JOHN D. DIXON. From January 1st to December 31st.
As successor in interest to J. H. Snyder, Joshua J. Mecham, John W. Hoover, and Hyrum Heiselt to 2.80 second feet of water which was appropriated upon lands in Provo Canyon, the place of use and the point of diversion having been changed and the said water is now being used upon lands below the mouth of Provo Canyon, and the point of diversion from Provo River is now at and near the mouth of Provo Canyon, Utah County, Utah, and said use may be continued and the quantity to which the said defendant is entitled at his said point of diversion, at and near the mouth of Provo Canyon, is 2.52 second feet; the same being of the transferred water rights referred to in subdivision (a) paragraph 33, hereof.
That ail rights declared and decreed herein, for domestic and municipal uses and for the generation of power, are continuous throughout the year without limitation to time or season.
And that all the rights declared and decreed herein, for irrigation purposes, include the right to divert and use water for irrigation, culinary, domestic and agricultural purposes connected therewith. And such rights of diversion and use for culinary, and domestic purposes are continuous throughout the year, and are limited to the quantity reasonably necessary for said uses. And such rights of diversion and use for irrigation purposes is confined to the irrigation season of each year, and none of said parties shall divert or use any of said waters, (except for culinary and domestic purposes as herein-before provided), during the non-irrigating season — after the necessity for such use for irrigation purposes has ceased in the Autumn of each year and until it is necessary to use the same for irrigation purposes in the Spring of the year following.

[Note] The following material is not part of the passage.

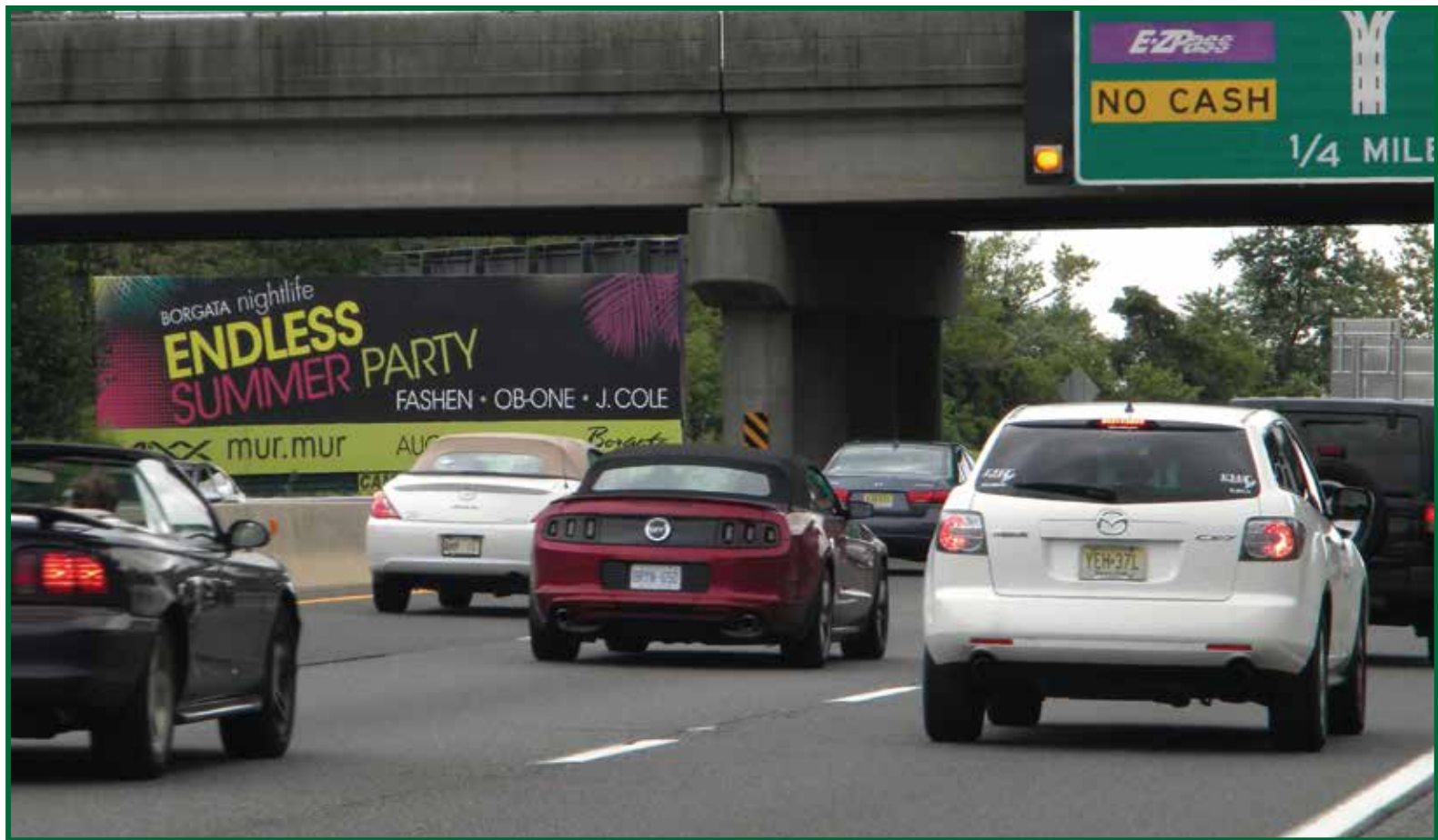
Static Bulletin Display

The language reflects a right to a year-round, January 1st to December 31st, use by John D. Dixon, in fact and presumptively, for present and future use of 2.52 cubic feet per second of Provo River water for culinary and domestic purposes during the irrigation and non-irrigation seasons, specifically defining the irrigation season as only from spring to autumn, which therefore defines non-irrigation as the remaining or winter months.

Since some of the Points on Appeal are mooted by our decision, the following observations and conclusions may be catalogued to expedite, and avoid confusion:

1. Provo City, having acquired the rights of any conflicting claims of others, for the purposes of this case, has whatever rights in the subject water, that were awarded to John D. Dixon in the Morse Decree.

2. We differ from the trial court’s “finding” that Provo City had the burden of proving its own right to the water, concluding that such burden is on the plaintiffs [1221]*1221attacking it, — the Provo River Water Users Association, et al., who alleged that defendants had never exercised such rights. Plaintiffs’ assertion that because the inter-veners, Hamblin, had questioned Provo City’s right and Provo City resisted the claim, and reasserted its own, that somehow this circumstance would shift the burden of proof. Since Provo need not have had to prove its claim against plaintiffs, we cannot see how plaintiffs could avoid their primary obligation to take over the laboring oar.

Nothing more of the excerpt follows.